El 29 de junio, España abre el verano astronómico con la Luna de Fresa, la primera luna llena de la temporada. Contrario a lo que su nombre sugiere, no brillará en rosado ni rojizo: su posición baja en el horizonte obliga a la luz lunar a atravesar un mayor volumen de atmósfera, lo que le otorga un color anaranjado intenso que la humedad de junio acentúa todavía más.

El nombre tiene raíces profundas. Los pueblos indígenas de América del Norte usaban esta luna llena como señal para iniciar la recolección de fresas silvestres al comienzo del verano. Ese vínculo entre ciclo lunar y ciclo agrícola quedó grabado en la nomenclatura astronómica, y hoy seguimos llamando Luna de Fresa a este evento aunque pocos de sus observadores hayan pisado jamás un campo de cosecha.

Esta luna no llega sola: el verano traerá otras dos lunas llenas —el 29 de julio y el 28 de agosto— y una serie de espectáculos celestes que mantendrán ocupados a los aficionados. Las delta acuáridas alcanzarán su pico la noche del 30 al 31 de julio, y el 12 de agosto el cielo ofrecerá un doble acontecimiento: el máximo de las perseidas y un eclipse solar que concentrará toda la atención de la comunidad astronómica.

Para disfrutar de la Luna de Fresa no hace falta ningún equipo especial. Basta con buscar un lugar alejado de la contaminación lumínica y mirar al horizonte durante el atardecer o el amanecer, cuando el anaranjado es más vivo y el fenómeno conecta, sin mediación tecnológica, la astronomía contemporánea con las tradiciones de los pueblos originarios de América del Norte.

El verano astronómico de España comienza el 29 de junio con un evento que ha capturado la atención de observadores del cielo en toda la península: la Luna de Fresa. A pesar de lo que su nombre sugiere, esta luna llena no brillará en tonos rosados o rojizos. En cambio, mostrará un color anaranjado intenso, resultado de su posición baja en el horizonte y del mayor volumen de atmósfera que la luz lunar debe atravesar para llegar hasta nosotros. La humedad característica de estas fechas intensifica aún más esa tonalidad cálida.

El origen del nombre de este fenómeno se remonta siglos atrás, a los pueblos indígenas de América del Norte. Para estas comunidades, la luna llena de junio marcaba un momento crucial en el calendario agrícola: el inicio de la recolección de fresas silvestres que brotaban durante los primeros días del verano. Con el tiempo, ese vínculo entre la fase lunar y la cosecha quedó grabado en la nomenclatura astronómica, y hoy seguimos llamando Luna de Fresa a este evento aunque la mayoría de quienes la observan nunca hayan participado en una cosecha de fresas.

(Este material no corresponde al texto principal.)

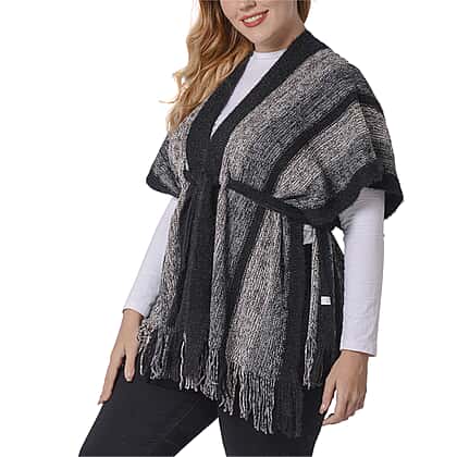 Black Striped Shawl Wrap with Waist Belt (Size 84x66+10cm)

Esta luna llena no llega sola. España se prepara para un verano repleto de fenómenos celestes que mantendrán ocupados a los aficionados a la astronomía. Además de la Luna de Fresa del 29 de junio, habrá otras dos lunas llenas durante los próximos meses: una el 29 de julio y otra el 28 de agosto. Pero la primera de la temporada es especial porque marca el pistoletazo de salida del calendario astronómico estival.

El verano traerá consigo otros espectáculos visuales que complementarán la experiencia de observación nocturna. Las lluvias de estrellas delta acuáridas alcanzarán su máxima actividad la noche del 30 al 31 de julio, momento ideal para salir al campo y buscar las trazas luminosas que cruzan el firmamento. Apenas una semana después, la noche del 12 de agosto, el cielo ofrecerá dos eventos simultáneamente: el pico de las perseidas, una de las lluvias de estrellas más intensas del año, y un eclipse solar que concentrará toda la atención de la comunidad astronómica.

Para quienes deseen observar la Luna de Fresa, la recomendación es buscar un lugar alejado de la contaminación lumínica de las ciudades. Su posición baja en el horizonte la hace especialmente visible durante el atardecer y el amanecer, momentos en los que el color anaranjado es más pronunciado. No se requiere equipo especial: a simple vista, cualquier persona puede apreciar este fenómeno que conecta la astronomía moderna con las tradiciones ancestrales de los pueblos originarios de América del Norte.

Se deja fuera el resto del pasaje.